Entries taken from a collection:

#####

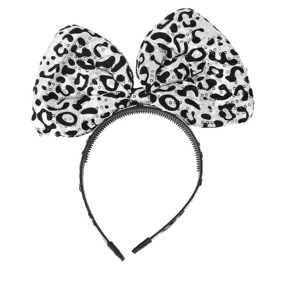 Leopard Hair Hoop Bowknot Headband for Decoration 1Pcs Silver
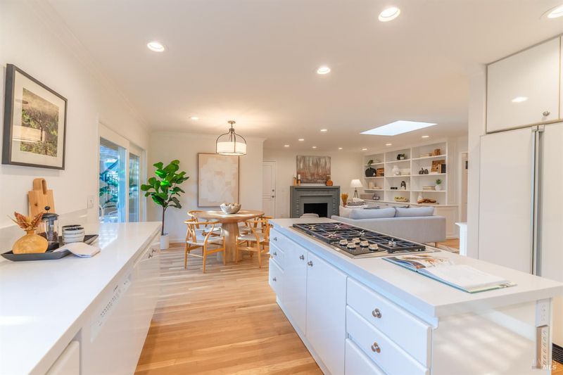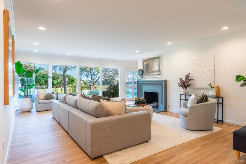 Enjoy ultimate indoor-outdoor living at this gorgeous, single-level remodeled home situated on the Peacock Gap Golf Course. Upon entry, you are immediately captivated by views through the living room to the spacious backyard patio and lawn and the lush fairways and lagoon beyond. The kitchen has new gorgeous quartz countertops, including a full island and extra seating at the peninsula. A Bosch dishwasher, gas Wolf range, warming oven, and convenient pantry make gourmet meal prep a joy. The convenient adjacent breakfast room opens onto a trellised private side garden through sliding glass doors. The family room has a second vintage gas fireplace, skylight, extensive storage cabinets and wall of built-in shelving. Stunning newly refinished natural oak floors throughout, and gorgeous new wool Berber carpets in the four bedrooms. The Primary Suite features spectacular golf course views, access out to the patio and gardens, a large walk-in closet, and an attractive updated primary bath. Recessed LED lighting and contemporary chandeliers are elegant highlights. Newer Timberline HDZ lifetime roof put on in 2022, and the entire exterior and interior have been recently painted. The garage has an attractive epoxied floor, a newer heat pump water heater, and extensive storage cabinets on both sides. The outdoor spaces are impressive with charming brick walkways, level front lawn, an oversized front porch, and mature landscaping surrounds the home. An additional side brick parking area is great additional space for parking for activities. The spacious private backyard features a large brick patio spanning the length of the home, a level lawn, trees and plantings, providing an ideal backdrop for hosting gatherings or relaxing on your own. The property is fully fenced with locking gates for security. The home is loocated just down the street from the popular Peacock Gap Park with tennis, lawns, and playground. Nearby are China Camp State Parks world-class hiking and biking trails, McNear's Beach with community pool, lawns and picnic areas, Andy's Market, and the bay-front walking paths. This one truly checks all the boxes for living the quintessential Marin lifestyle.
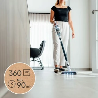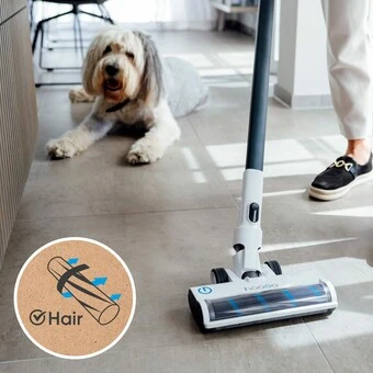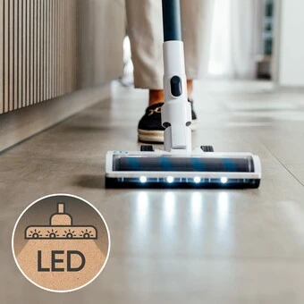 Die Elektrobürste mit Spezialwalzen verfügt über eine Selbstreinigungsfunktion und ist deshalb besonders wartungsarm. Durch die integrierte LED-Beleuchtung kannst Du Staub und Krümel auch gut in dunklen Bereichen sehen.
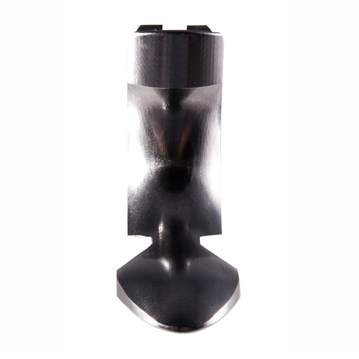 Harrison Design Extreme Service Beavertail Grip Safeties är CNC-bearbetade från stångmaterial, antingen rostfritt eller kolstål, och är konstruerade för att möjliggöra för hantverkaren att skapa den "hårfina" foginstallation som alla önskar. Måtten är kvar i överskott på kritiska ställen, såsom i bredden på den centrala luggen av beavertail som passar mellan ramens tänger, vilket eliminerar behovet av att svetsa mellan ramens tänger i de flesta fall. Sidmåttet på 'tail är också kvar i överskott för att möjliggöra att den passar flush med sidorna av ramen. Passningsradierna är maskinbearbetade under storlek med en radie på .240" för att ge tillräckligt med material för korrekt passning av beavertail till ramar som redan har maskinbearbetats för en .250" beavertail av fabriken och lämnats något lösare än önskat. Blockeringsarmen kommer med "Take Down"-notchen redan utskuren för dig.Utgått från Brownells
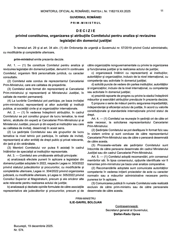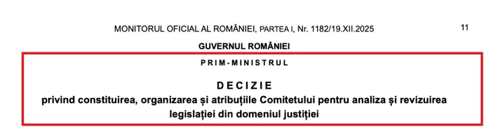 • Vineri – 19 decembrie 2025 – în Monitorul Oficial au fost publicat deciziile premierului de înființare a 3 grupuri de lucru, nu doar a grupului care ar trebui să analizeze legile justiției.
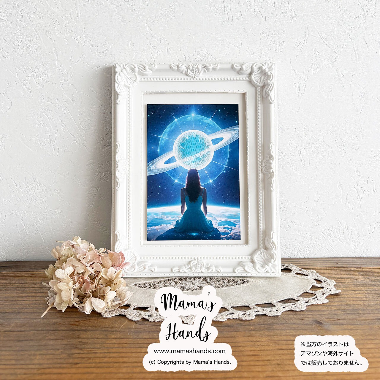 ⭐️土星と女性、シードオブライフのお守りとレムリア瞑想、プレアデス星人の絵柄です。
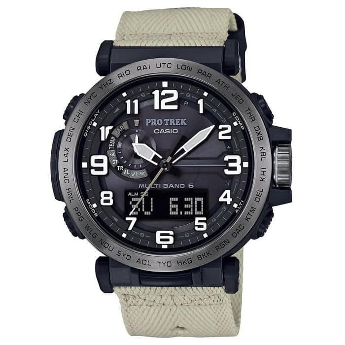 Description CASIO PROTREK PRG-600 ORIGINAL BM STRAP CANVAS AUTOLIGHT WATCH Brand : casio protrek Quality : ori bm Diameter : 4.7cm Movement : battery Strap : canvas Water resist Autolight, Compas Active Temperature etc Gender : male Plus : Box ori
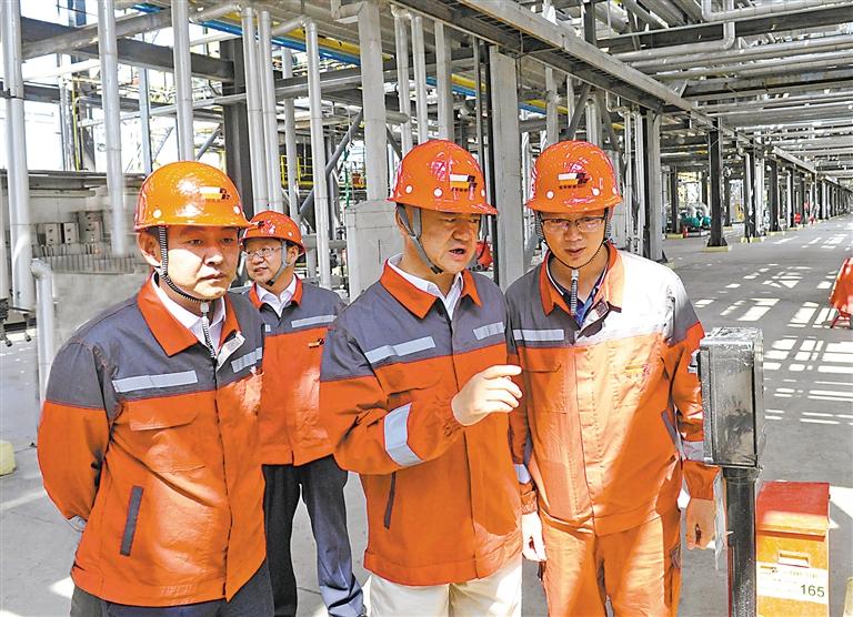 党彦宝(前排中)在宝丰能源生产一线调研。 (图片由受访者提供)

#####

ASSIGNMENT: All the lines above are to be reproduced exactly, except the pictures.

RESPONSE TO THIS EXERCISE:
 Leopard Hair Hoop Bowknot Headband for Decoration 1Pcs Silver
 Enjoy ultimate indoor-outdoor living at this gorgeous, single-level remodeled home situated on the Peacock Gap Golf Course. Upon entry, you are immediately captivated by views through the living room to the spacious backyard patio and lawn and the lush fairways and lagoon beyond. The kitchen has new gorgeous quartz countertops, including a full island and extra seating at the peninsula. A Bosch dishwasher, gas Wolf range, warming oven, and convenient pantry make gourmet meal prep a joy. The convenient adjacent breakfast room opens onto a trellised private side garden through sliding glass doors. The family room has a second vintage gas fireplace, skylight, extensive storage cabinets and wall of built-in shelving. Stunning newly refinished natural oak floors throughout, and gorgeous new wool Berber carpets in the four bedrooms. The Primary Suite features spectacular golf course views, access out to the patio and gardens, a large walk-in closet, and an attractive updated primary bath. Recessed LED lighting and contemporary chandeliers are elegant highlights. Newer Timberline HDZ lifetime roof put on in 2022, and the entire exterior and interior have been recently painted. The garage has an attractive epoxied floor, a newer heat pump water heater, and extensive storage cabinets on both sides. The outdoor spaces are impressive with charming brick walkways, level front lawn, an oversized front porch, and mature landscaping surrounds the home. An additional side brick parking area is great additional space for parking for activities. The spacious private backyard features a large brick patio spanning the length of the home, a level lawn, trees and plantings, providing an ideal backdrop for hosting gatherings or relaxing on your own. The property is fully fenced with locking gates for security. The home is loocated just down the street from the popular Peacock Gap Park with tennis, lawns, and playground. Nearby are China Camp State Parks world-class hiking and biking trails, McNear's Beach with community pool, lawns and picnic areas, Andy's Market, and the bay-front walking paths. This one truly checks all the boxes for living the quintessential Marin lifestyle.
 Die Elektrobürste mit Spezialwalzen verfügt über eine Selbstreinigungsfunktion und ist deshalb besonders wartungsarm. Durch die integrierte LED-Beleuchtung kannst Du Staub und Krümel auch gut in dunklen Bereichen sehen.
 Harrison Design Extreme Service Beavertail Grip Safeties är CNC-bearbetade från stångmaterial, antingen rostfritt eller kolstål, och är konstruerade för att möjliggöra för hantverkaren att skapa den "hårfina" foginstallation som alla önskar. Måtten är kvar i överskott på kritiska ställen, såsom i bredden på den centrala luggen av beavertail som passar mellan ramens tänger, vilket eliminerar behovet av att svetsa mellan ramens tänger i de flesta fall. Sidmåttet på 'tail är också kvar i överskott för att möjliggöra att den passar flush med sidorna av ramen. Passningsradierna är maskinbearbetade under storlek med en radie på .240" för att ge tillräckligt med material för korrekt passning av beavertail till ramar som redan har maskinbearbetats för en .250" beavertail av fabriken och lämnats något lösare än önskat. Blockeringsarmen kommer med "Take Down"-notchen redan utskuren för dig.Utgått från Brownells
 • Vineri – 19 decembrie 2025 – în Monitorul Oficial au fost publicat deciziile premierului de înființare a 3 grupuri de lucru, nu doar a grupului care ar trebui să analizeze legile justiției.
 ⭐️土星と女性、シードオブライフのお守りとレムリア瞑想、プレアデス星人の絵柄です。
 Description CASIO PROTREK PRG-600 ORIGINAL BM STRAP CANVAS AUTOLIGHT WATCH Brand : casio protrek Quality : ori bm Diameter : 4.7cm Movement : battery Strap : canvas Water resist Autolight, Compas Active Temperature etc Gender : male Plus : Box ori
 党彦宝(前排中)在宝丰能源生产一线调研。 (图片由受访者提供)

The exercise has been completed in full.